Michael Kjellman
[jira] [Commented] (CASSANDRA-8789) OutboundTcpConnectionPool should route messages to sockets by size not type
Mon, 20 Apr 2015 23:33:00 GMT


Michael Kjellman commented on CASSANDRA-8789:

My testing has shown that relying on message size as a heuristic to determine the channel/socket
to write to has adverse effects under load. The problem is this mixes high priority "Command"
verbs (e.g GOSSIP_DIGEST_SYN/GOSSIP_DIGEST_ACK) - that cannot be delayed in any way due to
the current implementation of FailureDetector - with lower priority "Response/Data" (e.g MUTATION/READ/REQUEST_RESPONSE)
verbs. The effect of this is that nodes will flap and be considered incorrectly DOWN due to
failure in sending Gossip verbs which are now queued behind lower priority messages.

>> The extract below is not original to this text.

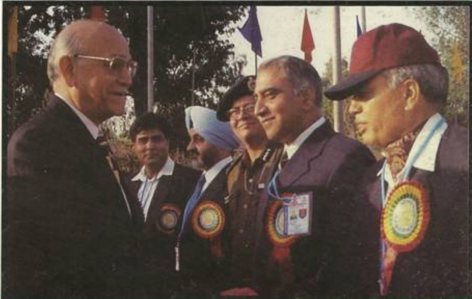
Introduction of Organisers with H E the Governer, J&K

The implementation of MessagingService is "fire and forget", however we do expect for most
messages some form of ACK. For instance, each MUTATION expects a REQUEST_RESPONSE within a
given timeout; otherwise a hint is generated. Here lies the problem: the REQUEST_RESPONSE
verb is 6 bytes (with no payload -- so now considered "small"). We also have INTERNAL_RESPONSE
(also 6 bytes). By using size instead of priority, or the old hard coded Command/Data implementation,
(sending high priority messages like GOSSIP over one channel and normal/low priority messages
over another) this means the REQUEST_RESPONSE for each MUTATION after this change will now
be sent over the same channel that used to be reserved for GOSSIP (or other high priority
Command) verbs.

If the kernel buffers backup sufficiently (although we have the NO_DELAY option on the socket,
it isn't very difficult under moderate/high load to still saturate the NIC) we've now moved
an ACK message for every MUTATION onto the same socket that is sending GOSSIP messages. Eventually
if we backup with enough small messages we likely will end up unable to send *important* messages
(e.g GOSSIP_DIGEST_SYN/GOSSIP_DIGEST_ACK), and FD will falsely be triggered and nodes will
be marked DOWN incorrectly. Additionally, once we hit this condition, we end up flapping as
GOSSIP messages eventually get thru which compounds the problem.

h4. How to reproduce:
I'm unable to figure out the new stress so I ran the stress from 2.0 against trunk (commit
sha 1fab7b785dc5e440a773828ff17e927a1f3c2e5f from 4/20/15) with all defaults except for changing
the replication factor from it's default of 1 to 3. I'm pretty sure the reason I can't easily
reproduce with the new stress is I seem to be failing to figure out the command line parsing
to change it from the default of 8 threads back to the 30 threads default that was in the
old stress. While it's crazy to run with 30 threads, this simulates enough traffic on my 2014
MacBook Pro to actually backup the kernel buffers on loopback which will trigger this.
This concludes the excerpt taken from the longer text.